Featuring the largest color LED display worldwide and the first photovoltaic system integrated into a glass curtain wall in China, the building performs as a self-sufficient organic system, harvesting solar energy by day and using it to illuminate the screen after dark, mirroring a day’s climatic cycle.

The Media Wall will provide the city of Beijing with its first venue dedicated to digital media art, while offering the most radical example of sustainable technology applied to an entire building’s envelope to date.

“The Media Wall will provide the city of Beijing with its first venue dedicated to digital media art, while offering the most radical example of sustainable technology applied to an entire building’s envelope to date”, said Simone Giostra. The building opened to the public in June 2008, with a specially commissioned program of video installations and live performances by artists including: Xu Wenkai, Michael Bell Smith, Takeshi Murata, Shih Chieh Huang, Feng Mengbo and Varvara Shavrova.

With the support of leading German manufacturers Schueco and SunWays, the architect Simone Giostra with Arup developed a new technology for laminating photovoltaic cells in a glass curtain wall and oversaw the production of the first glass solar panels by Chinese manufacturer SunTech. The polycrystalline photovoltaic cells are laminated within the glass of the curtain wall and placed with changing density on the entire building’s skin. The density pattern increases building’s performance, allowing natural light when required by interior program, while reducing heat gain and transforming excessive solar radiation into energy for the media wall.

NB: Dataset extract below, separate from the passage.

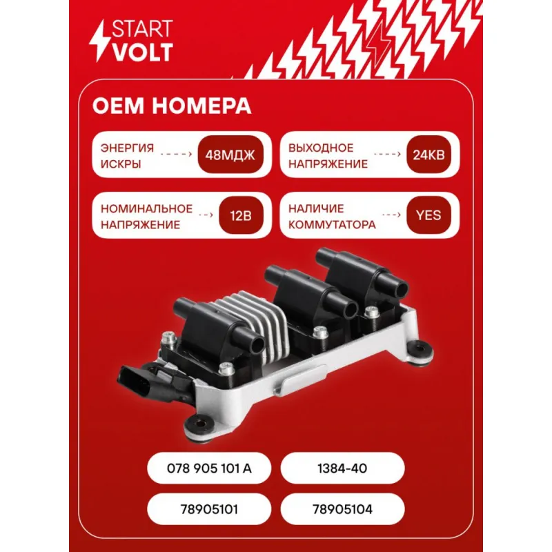 Катушка зажигания для автомобилей VAG A6 (94-)/100 (90-) 2.6i/2.8i Характеристики: Артикул: SC 1851 OEM номера: 078 905 101, 078 905 104, 078 905 101 A, 1384-40 Количество контактов: 5 Выходное напряжение, кВ: 24 Номинальное напряжение, В: 12 Наличие коммутатора: есть Вторичное сопротивление, кОм: 11,9 Вторичная индуктивность, Н: 22,4 Энергия искры, мДж: 48 Подходит для авто: Audi 100 (90-), 80 (91-), A6 C4 (94-) Для проверки применяемости отправьте VIN автомобиля через вкладку "Есть вопросы о товаре?" Комплектация: Катушка зажигания - 1 шт Паспорт изделия/гарантийный талон - 1 шт Гарантия: от 1 года.

Xicui’s opaque box-like commercial building gains the ability of communicating with its urban environs through a new kind of digital transparency. Its “intelligent skin” interacts with the building interiors and the outer public spaces using embedded, custom-designed software, transforming the building façade into a responsive environment for entertainment and public engagement.

The full integration of media/information technology with architecture in an urban context represents a new kind of communication surface devoted to unprecedented forms of art, while projecting information about the behavior and activity of the building to a wide range of distances and engaging a vast audience within the city of Beijing.

The innovative use of technology and experimental approach to communication and social interaction defines new standards in the context of urban interventions worldwide, raising global interest in the integration of digital technology with architecture and reinforcing the reputation of Beijing as a centre for innovation and urban renewal.

GreenPix is a large-scale display comprising of 2,292 color (RGB) LED’s light points comparable to a 24,000 sq. ft. (2.200 m2) monitor screen for dynamic content display. The very large scale and the characteristic low resolution of the screen enhances the abstract visual qualities of the medium, providing an art-specific communication form in contrast to commercial applications of high resolution screens in conventional media façades.